Enclosure, Killynan, Co. Westmeath
Co. Westmeath |
Enclosures
On a natural ridge in County Westmeath, a low earthen bank traces out a D-shape in the ground, roughly 58 metres across from east to west and 24 metres from north to south.
It is not a dramatic feature; the bank is worn down along its southern edge, and to a casual eye it might read as little more than a slight rise in a field. But its geometry, its elevation above the surrounding ground, and what sits against it suggest something more deliberate, and considerably older, than the landscape it now inhabits.
The enclosure sits within the demesne associated with Killynan House and castle, on the north-western corner of an area that the first-edition Ordnance Survey six-inch map, produced in the mid-nineteenth century, labels as a deerpark.

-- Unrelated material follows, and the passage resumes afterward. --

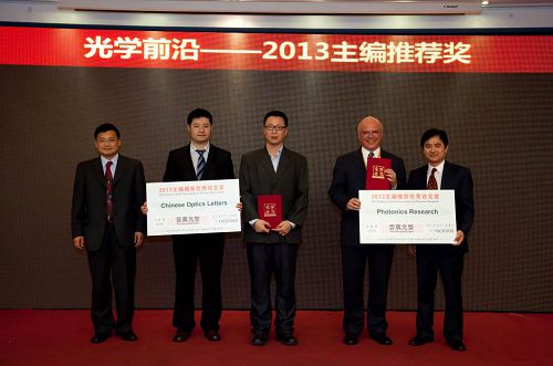 今年还特别增设了Chinese Optics Letters“封面优秀论文奖(Cover Paper Award)”和2013年“主编推荐奖(EIC's Choice Award)”。面向杂志社出版的Chinese Optics Letters,High Power Laser Science and Engineering 以及Photonics Research 等3刊。美国两院院士、斯坦福大学David A. B. Miller教授,美国罗切斯特大学Joseph Eberly教授,美国海军实验室Stephen Bodner和浙江大学李明宇教授的优秀论文入选首届EIC's Choice Award。

That deerpark was bounded by a stone wall, and the enclosure predates it entirely. An enclosure of this kind, a raised, banked perimeter defining a roughly oval or D-shaped area, is a form found across early medieval Ireland, used variously for settlement, agriculture, or ritual purposes, though assigning a precise function without excavation is rarely straightforward. Adjoining the enclosure midway along its straight northern side is a hut site, defined by a low stony bank, with the enclosure bank itself serving as one shared edge. A possible entrance opens to the north. The two features, enclosure and hut site, were inspected together in 1986 and added to the Register of Historic Monuments the following year.
What makes the setting quietly layered is the way these early remains ended up folded into the designed landscape of a later estate, the ridge on which they sit eventually becoming part of a managed deerpark, the older earthworks absorbed into the grounds of Killynan House without, apparently, being obliterated. The bank may be denuded in places, but the shape of it persists.